Exercise prompt: In the listing, locate the line containing "La producción de", then quote it and all following lines exactly. Omit pictures.

(Beginning of Input)

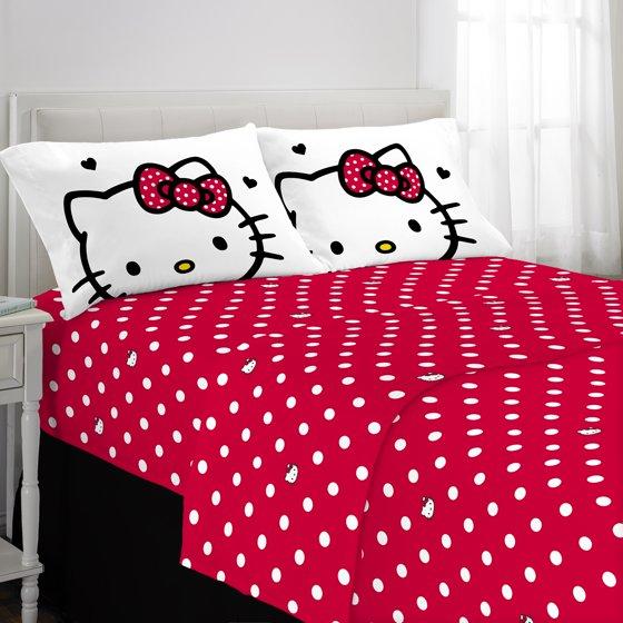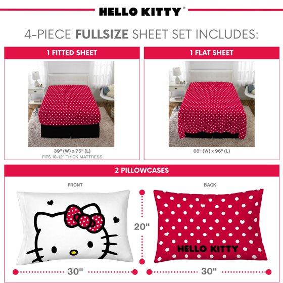 Hello Kitty Kids 4 Piece Red White Polka Dots Sheet Set, Full
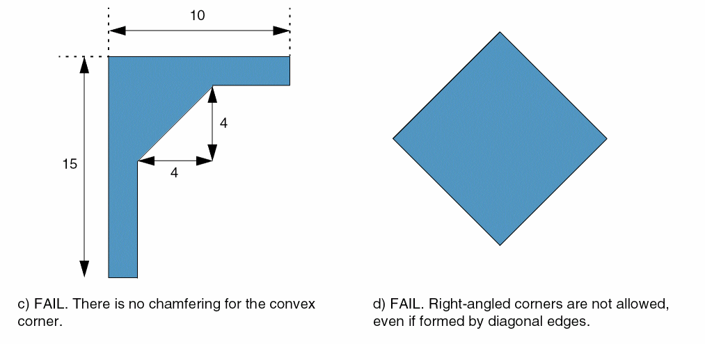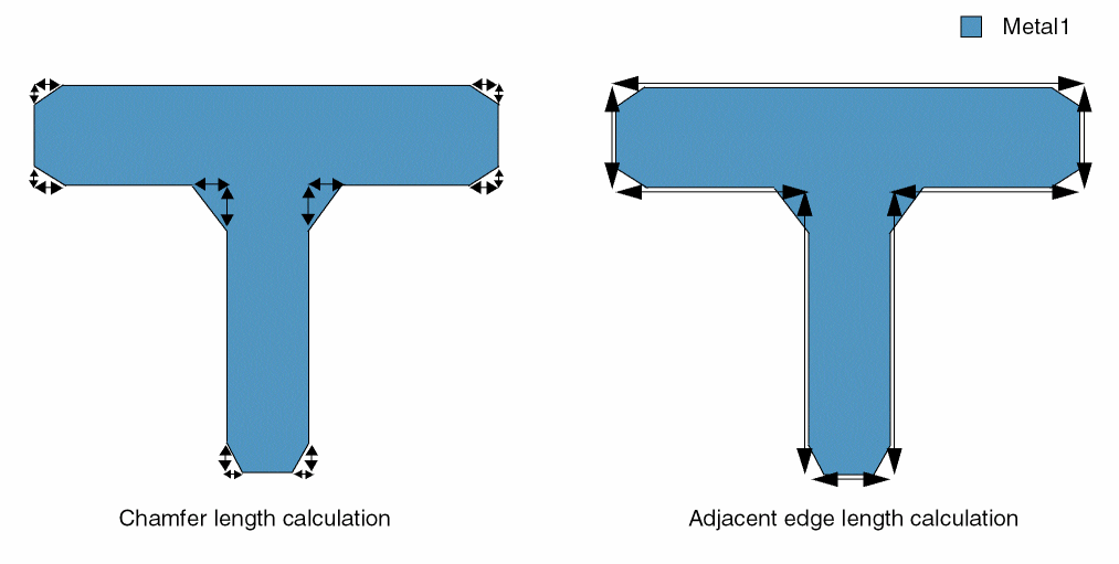 The figure below illustrates chamfer and adjacent edge lengths are calculated for convex and concave corners.
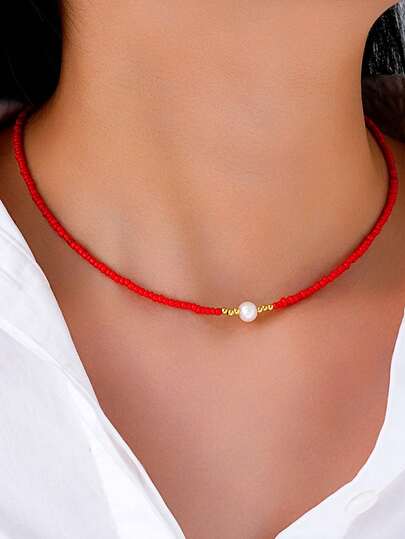1pc Handmade Rice Bead & Pearl Decor Pendant Necklace For Women, Suitable For Daily Wear - Rice Bead Necklace - View 1
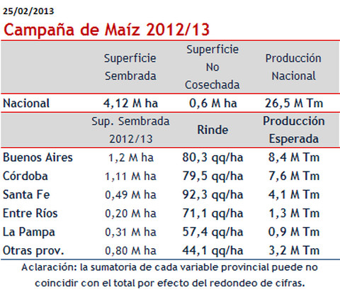 La producción de maíz disminuyó 1 millón de toneladas respecto del informe anterior, por lo que quedó estimada en 25,5 millones de toneladas. El rinde promedio nacional se calculó en 3 quintales menos, ascendiendo a 72 qq/ha de maíz.
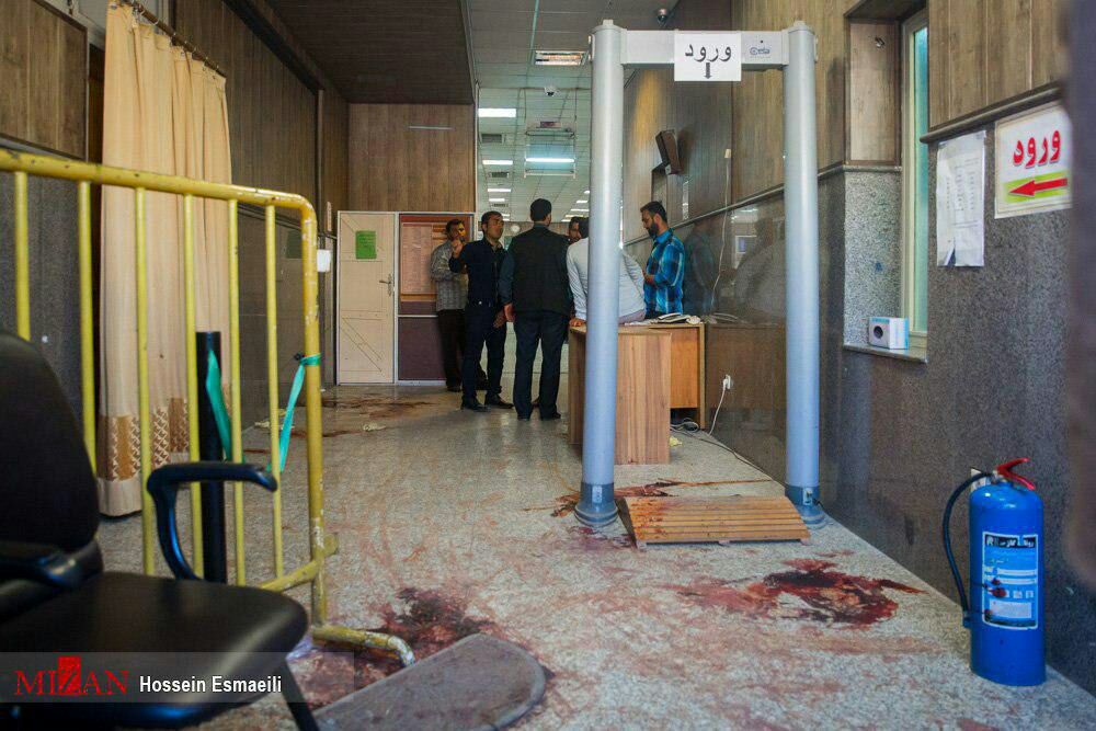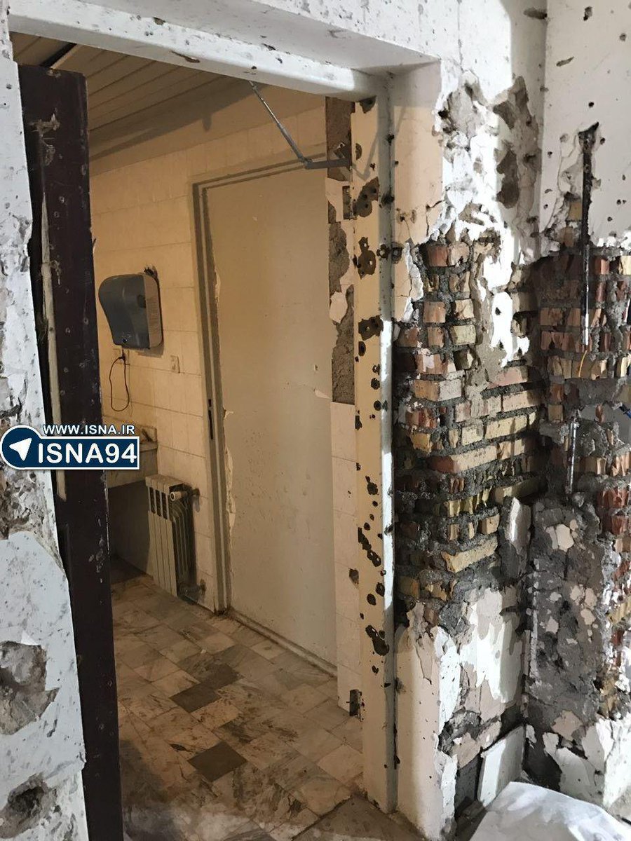 Fotoğraf İran parlamentosunun 4. katından. Görüntülerde duvarlardaki mermi izleri göze çarpıyor. Duvardaki tahribatın sebebinin İran güçlerinin attığı bir bomba olduğu ifade edildiği gibi IŞİD mensuplarından birinin üzerindeki bombaları patlatmış olabileceği de düşünülüyor.

(End of Input)

Exercise result:
 La producción de maíz disminuyó 1 millón de toneladas respecto del informe anterior, por lo que quedó estimada en 25,5 millones de toneladas. El rinde promedio nacional se calculó en 3 quintales menos, ascendiendo a 72 qq/ha de maíz.
 Fotoğraf İran parlamentosunun 4. katından. Görüntülerde duvarlardaki mermi izleri göze çarpıyor. Duvardaki tahribatın sebebinin İran güçlerinin attığı bir bomba olduğu ifade edildiği gibi IŞİD mensuplarından birinin üzerindeki bombaları patlatmış olabileceği de düşünülüyor.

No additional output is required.